## Stored data
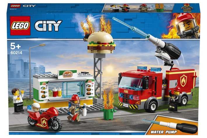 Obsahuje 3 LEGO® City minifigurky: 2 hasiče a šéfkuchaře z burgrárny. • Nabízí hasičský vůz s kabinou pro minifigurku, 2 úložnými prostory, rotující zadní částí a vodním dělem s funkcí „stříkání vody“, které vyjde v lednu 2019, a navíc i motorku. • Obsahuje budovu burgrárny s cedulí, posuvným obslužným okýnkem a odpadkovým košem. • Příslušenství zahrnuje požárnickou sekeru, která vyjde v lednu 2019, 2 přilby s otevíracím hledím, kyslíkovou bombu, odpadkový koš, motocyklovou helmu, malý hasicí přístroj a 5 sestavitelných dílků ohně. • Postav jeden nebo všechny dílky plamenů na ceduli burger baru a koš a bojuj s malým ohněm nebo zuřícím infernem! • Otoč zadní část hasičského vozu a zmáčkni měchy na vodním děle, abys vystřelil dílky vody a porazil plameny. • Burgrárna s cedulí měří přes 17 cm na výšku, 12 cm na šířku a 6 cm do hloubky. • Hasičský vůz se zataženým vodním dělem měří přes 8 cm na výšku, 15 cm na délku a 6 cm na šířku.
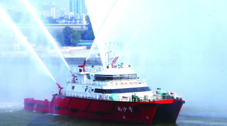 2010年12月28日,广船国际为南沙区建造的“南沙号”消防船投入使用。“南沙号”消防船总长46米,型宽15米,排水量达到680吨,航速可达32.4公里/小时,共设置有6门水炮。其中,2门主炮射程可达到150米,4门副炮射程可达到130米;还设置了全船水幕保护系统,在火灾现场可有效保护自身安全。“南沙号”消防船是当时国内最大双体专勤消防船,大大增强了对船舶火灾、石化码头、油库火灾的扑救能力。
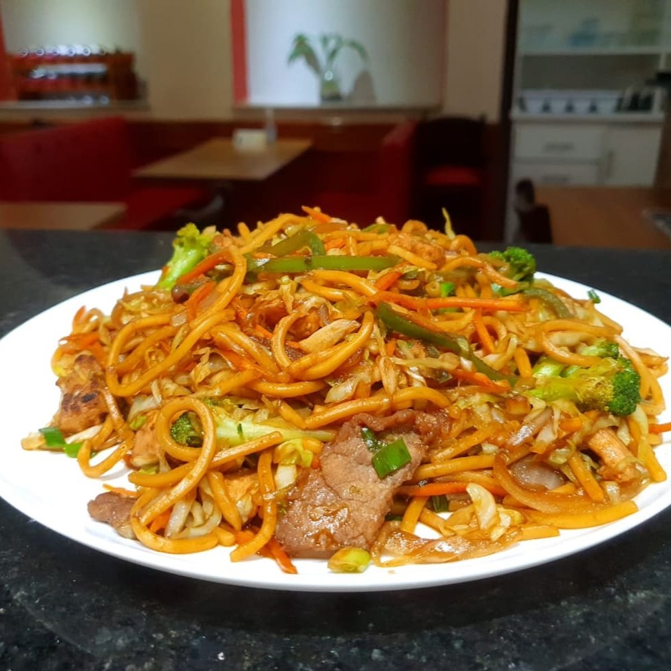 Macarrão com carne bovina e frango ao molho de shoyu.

* * *

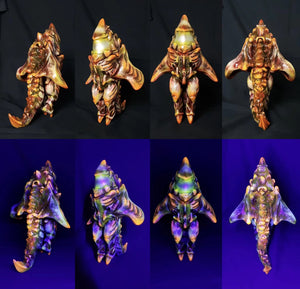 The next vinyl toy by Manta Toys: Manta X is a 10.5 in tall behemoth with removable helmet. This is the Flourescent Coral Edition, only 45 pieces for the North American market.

--

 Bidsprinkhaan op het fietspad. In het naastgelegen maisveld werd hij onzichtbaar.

## Activity
Look above for the line containing "2010年12月28日,广船", then copy exactly from it through the line containing "Macarrão com carne", keeping both and leaving out pictures. Add nothing else.

## Output
 2010年12月28日,广船国际为南沙区建造的“南沙号”消防船投入使用。“南沙号”消防船总长46米,型宽15米,排水量达到680吨,航速可达32.4公里/小时,共设置有6门水炮。其中,2门主炮射程可达到150米,4门副炮射程可达到130米;还设置了全船水幕保护系统,在火灾现场可有效保护自身安全。“南沙号”消防船是当时国内最大双体专勤消防船,大大增强了对船舶火灾、石化码头、油库火灾的扑救能力。
 Macarrão com carne bovina e frango ao molho de shoyu.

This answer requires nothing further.